Adducts 7a, 7b, 4a, 4b, 5a and 5b were characterized via NMR spectroscopy. The protected adducts 7a and 7b are soluble in common organic solvents such as DMSO-d₆ and Methanol-d₄ with good line resolution. However, spectra for adducts 5a, 5b, 4a and 4b could only be obtained using a mixture of D₂O and pyridine-d₆. Differences in chemical shifts of protons from the mitosene moiety between the 6 adducts are relatively small. In terms of the magnitude of the difference, the protons most affected are H_1” and H_2” on the tetrahydropyrole ring. The H_1” and H_2” protons on the R (α, trans) dA adducts 7a, 4a and 5a are more shielded compared to protons on the S (β, cis) isomers 7b, 4b and 5b with |δΔ|=0.09–0.27 ppm for H_1” and |δΔ|=0.22–0.31 ppm for H_2”. Regarding protons from the glycosidic moiety, the R (α, trans) and S (β, cis) isomers from each pair (7a/7b; 4a/4b; 5a/5b) exhibit signals at similar frequencies. In contrast, there is a marked difference in chemical shifts between the glycosidic protons from the teoc protected pair (7a/7b) and those from the deprotected pairs (5a/5b; 4a/4b). Protons from the protected dA adduct pair, 7a and 7b, are more shielded than their analogues from both the MC-dA adducts 4a/4b and DMC-dA adducts 5a/5b by: |δΔ|=0.59–0.70 ppm for H_4’; |δΔ|=0.38–0.44 ppm for H_5’a; |δΔ|=0.42–0.48 ppm for H_5’b; |δΔ|=0.40–0.51 ppm for H_1’; |δΔ|=0.36–0.62 ppm for H_3’; |δΔ|=0.25–0.32 ppm for H_2’a; |δΔ|=0.50–0.57 ppm for H_2’b. The chemical shifts of the deoxyribose ring protons, especially those at C2’ are predicted to be affected by the magnitude of the glycosidic torsion angle that results from ring current and the local magnetic anisotropy of their bases [29, 30]. Therefore, one possible explanation for the difference in chemical shifts between the glycosidic protons on teoc protected 7a/7b and those on teoc deprotected 5a/5b; 4a/4b is that the teoc group has a direct effect on the glycosidic torsion angle.

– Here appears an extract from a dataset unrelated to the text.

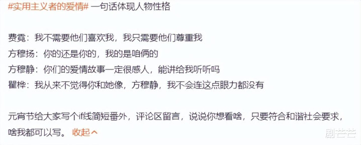 原著《实用主义的爱情》作者概括的四人形象,费霓是清醒的,不需要用大价钱请客吃鱼,换取喜欢,她喜欢用实际行动证明自己。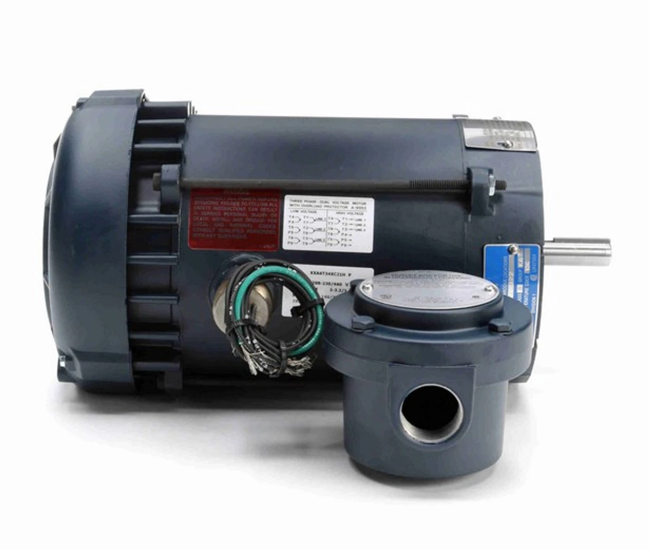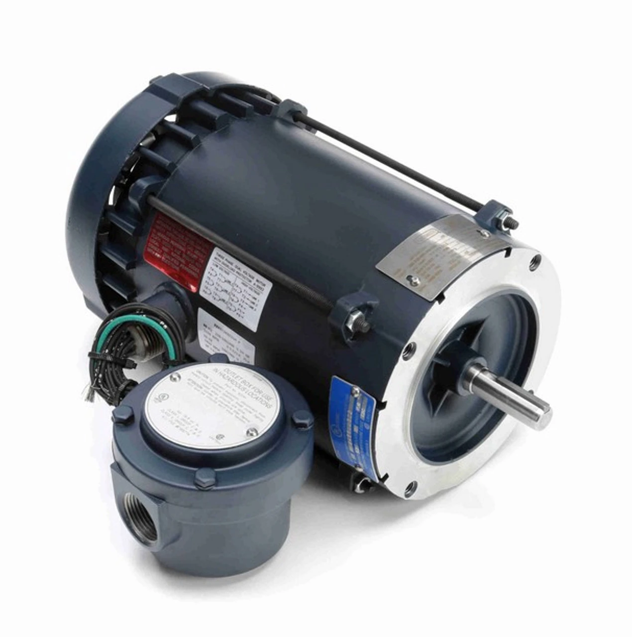 Explosion-Proof motor for use in hazardous environments with a C-face mount. DIV 1 EXP PROOF CL I GR CD CL II GR FG T3C. Bolt holes are 3 3/4″ on center measured across the shaft. Wiring diagram on motor name plate. TENV = Totally Enclosed Non-Ventilated. 111936.00

Circular dichroism is a reliable method to assign the absolute configuration of mitosene adducts at C1” [31, 32]. The band at around 530 nm, generated by the weak and broad absorption of the mitosene chromophore (which has an extinction coefficient value of 800 at 225 nm) is diagnostic of the β or α configurations of C1” and is independent of the chemical nature of substituents at C1” and of the chemical nature of substituents on other stereogenic centers nearby (such as C2”) [31, 32]. Mitosene derivatives with an α configuration at C1” display a negative cotton effect (CE) centered around 530 nm whereas those with a β configuration display a positive CE. Both the mitosene and the adenosine chromophores present absorptions in the 200–400 nm region and it has been previously hypothesized that coupled CD signals are present in this region [31]. Fig. 3 shows the CD and UV spectra of MC-protected-dA adducts 7a/7b and Fig. 4 of MC-dA adducts 4a/4b and DMC-dA adducts 5a/5b. Cis and trans dA-adduct pairs bear a nearly mirror image relationship and all CD spectra are consistent with previously published data of mitosenes and mitosene-nucleoside adducts [13, 28, 31]. These spectra confirm the stereochemical configuration at C1” of all adducts synthesized in this work.

Fig. 3:

(2-column fitting image, no color should be used) (a) CD spectra of MC-protected-dA adducts 7b (dotted line) and 7a (full line); (b) enlargement of the area showing the cotton effect around 530 nm; (c) UV spectrum of 7b; (d) UV spectrum of 7a.

Fig. 4:

(2-column fitting image, no color should be used) (a) CD spectra of MC-dA adducts 4b (dotted line) and 4a (full line); (b) enlargement of the area showing the cotton effect around 530 nm; (c) UV spectrum of 4b; (d) UV spectrum of 4a; (e) CD spectra of DMC-dA adducts 5b (dotted line) and 5a (full line); (f) enlargement of the area showing the cotton effect around 530 nm; (g) UV spectrum of 5b; (h) UV spectrum of 5a.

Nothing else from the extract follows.